Epoch 23/35: 100%|██████████| 938/938 [00:06<00:00, 139.28it/s, loss=0.158]  


Epoch 23/35, Avg Loss: 0.0292


Epoch 24/35: 100%|██████████| 938/938 [00:06<00:00, 137.94it/s, loss=0.00252] 


Epoch 24/35, Avg Loss: 0.0265


Epoch 25/35: 100%|██████████| 938/938 [00:06<00:00, 138.52it/s, loss=0.00423] 


Epoch 25/35, Avg Loss: 0.0282


Epoch 26/35: 100%|██████████| 938/938 [00:06<00:00, 137.19it/s, loss=0.0626]  


Epoch 26/35, Avg Loss: 0.0246


Epoch 27/35: 100%|██████████| 938/938 [00:06<00:00, 144.32it/s, loss=0.00217] 


Epoch 27/35, Avg Loss: 0.0236


Epoch 28/35: 100%|██████████| 938/938 [00:06<00:00, 145.20it/s, loss=0.0019]  


Epoch 28/35, Avg Loss: 0.0216


Epoch 29/35: 100%|██████████| 938/938 [00:09<00:00, 101.76it/s, loss=0.00344] 


Epoch 29/35, Avg Loss: 0.0228


Epoch 30/35: 100%|██████████| 938/938 [00:08<00:00, 108.89it/s, loss=0.0171]  


Epoch 30/35, Avg Loss: 0.0209


Epoch 31/35: 100%|██████████| 938/938 [00:08<00:00, 114.23it/s, loss=0.00886] 


Epoch 31/35, Avg Loss: 0.0203


Epoch 32/35: 100%|██████████| 938/938 [00:09<00:00, 94.30it/s, loss=0.00898]  


Epoch 32/35, Avg Loss: 0.0206


Epoch 33/35: 100%|██████████| 938/938 [00:08<00:00, 114.27it/s, loss=0.0052]  


Epoch 33/35, Avg Loss: 0.0194


Epoch 34/35: 100%|██████████| 938/938 [00:11<00:00, 84.31it/s, loss=0.00403]  


Epoch 34/35, Avg Loss: 0.0186


Epoch 35/35: 100%|██████████| 938/938 [00:16<00:00, 55.73it/s, loss=0.0427]  

Epoch 35/35, Avg Loss: 0.0180





In [19]:
# -----------------------------
# 5. EVALUATION
# -----------------------------
correct = 0
total = 0
model.eval()

with torch.no_grad():
    for images, labels in test_loader:
        images = images.to(device)
        labels = labels.to(device)
        outputs = model(images)
        _, predicted = torch.max(outputs.data, 1)
        total+=labels.size(0)
        correct+=(predicted==labels).sum().item()

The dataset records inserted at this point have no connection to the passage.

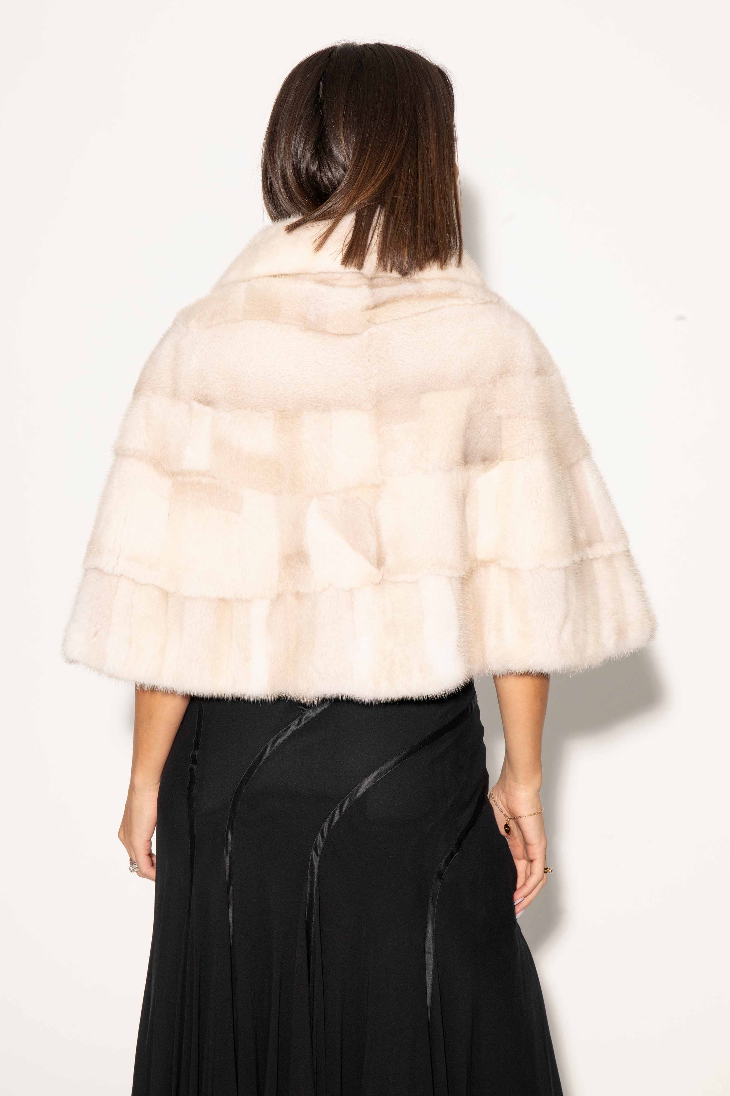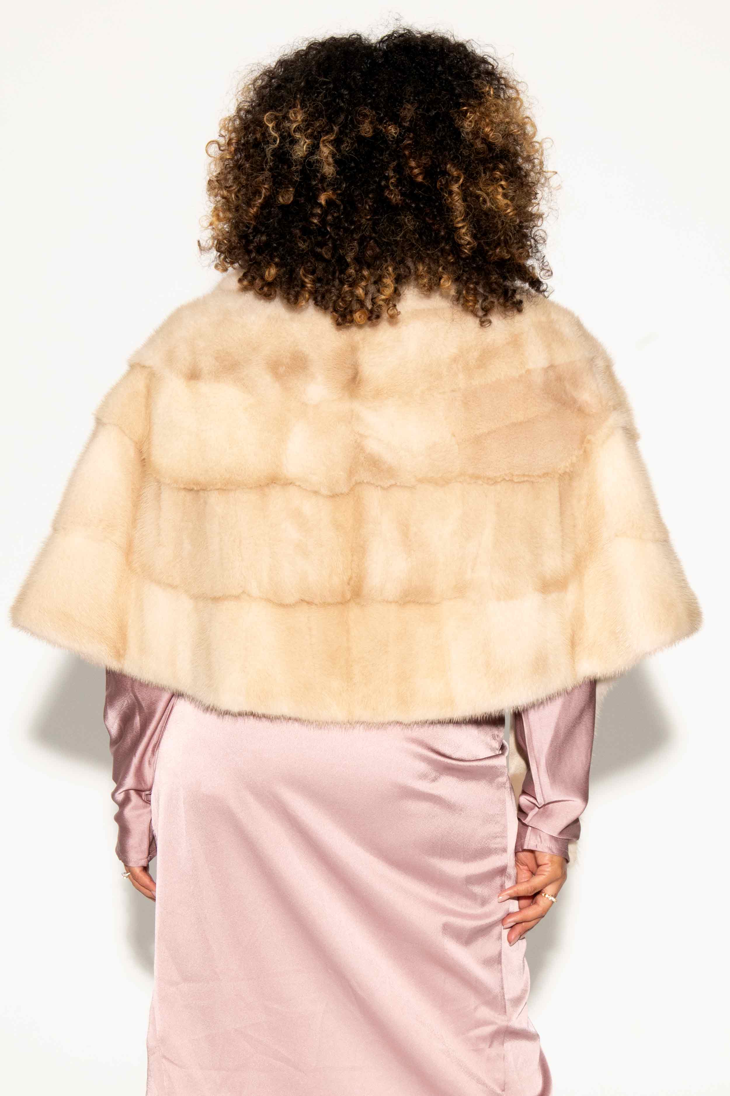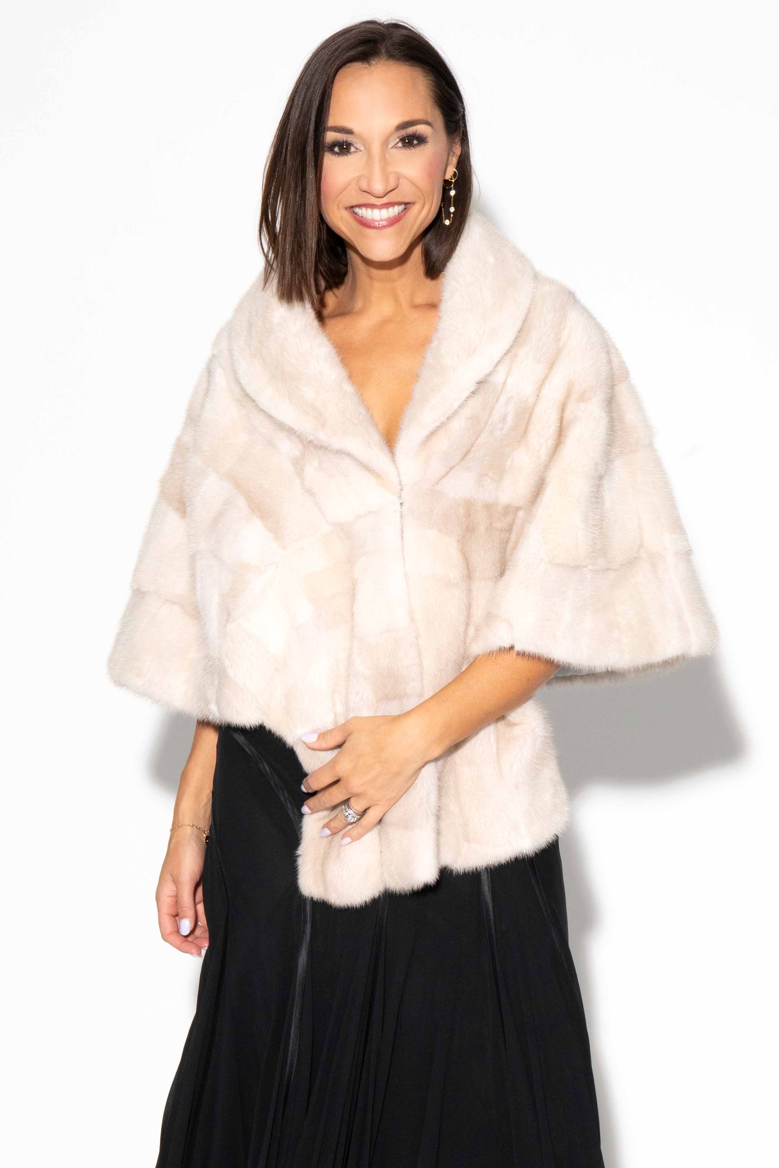 Elevate your elegance with this exquisite sectioned mink fur stole featuring a shawl collar. Designed to keep you cozy while enhancing your look, it's fully lined for comfort and secures easily with a hook & eye closure.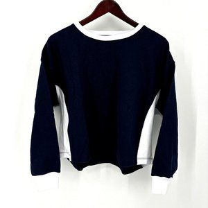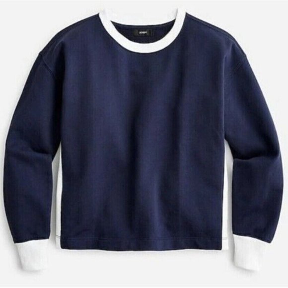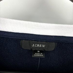 • J. Crew University Terry crop boxy navy blue and white sweatshirt (style BF363)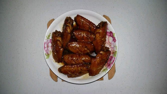 8最后装盘,把收浓稠的汁淋在鸡翅上。大功告成,开吃!

print(f"Test Accuracy: {100 * correct / total:.2f}%")


Test Accuracy: 98.20%


In [20]:
# -----------------------------
# 6. TEST SINGLE PREDICTION
# -----------------------------
# Gradio sketchpad returns a full-color NumPy array (H,W,3).
# MNIST images are grayscale (1x28x28) and normalized.
# This preprocessing converts user drawings into MNIST format.
# -----------------------------

# MNIST normalization values:
MNIST_MEAN = (0.1307,)
MNIST_STD  = (0.3081,)

def preprocess_image(image):
    """Convert Gradio Sketchpad output to a normalized 1x28x28 tensor."""

    # Gradio may pass {'composite': array}
    if isinstance(image, dict) and "composite" in image:
        image = image["composite"]

    # Define preprocessing pipeline
    sketch_transform = transforms.Compose([
        transforms.ToPILImage(),                      # NumPy → PIL
        transforms.Grayscale(num_output_channels=1),  # Convert to 1 channel
        transforms.Resize((28, 28)),                  # Match MNIST input
        transforms.Lambda(lambda img: ImageOps.invert(img)),  
        transforms.ToTensor(),                        # → (1, 28, 28), values in [0,1]
        transforms.Normalize(MNIST_MEAN, MNIST_STD),  # Match MNIST training normalization
    ])

    tensor = sketch_transform(image)                  # Shape: (1, 28, 28)
    tensor = tensor.unsqueeze(0)                      # Shape: (1, 1, 28, 28)
    return tensor.to(device)                          # Move to same device as model


def predict_digit(image):
    """Take raw Sketchpad input → return predicted digit + confidence."""
    
    if image is None:
        return "Draw something!"

    # Convert to model input format
    input_tensor = preprocess_image(image)

    # Ensure model is in eval mode
    model.eval()
    
    with torch.no_grad():
        logits = model(input_tensor)
        
        # turn logits into probabilities
        probs = torch.softmax(logits, dim=1)

        # predicted class index
        predicted_class = torch.argmax(probs, dim=1).item()

        # confidence of that class
        confidence = probs[0, predicted_class].item()

    # return nicely formatted output
    return f"{predicted_class}  ({confidence * 100:.2f}% confidence)"



# -----------------------------
# GRADIO UI
# -----------------------------
interface = gr.Interface(
    fn=predict_digit,
    inputs=gr.Sketchpad(label="Draw Here"),
    outputs="label",
    live=False,
)

interface.queue().launch()


* Running on local URL:  http://127.0.0.1:7860
* To create a public link, set `share=True` in `launch()`.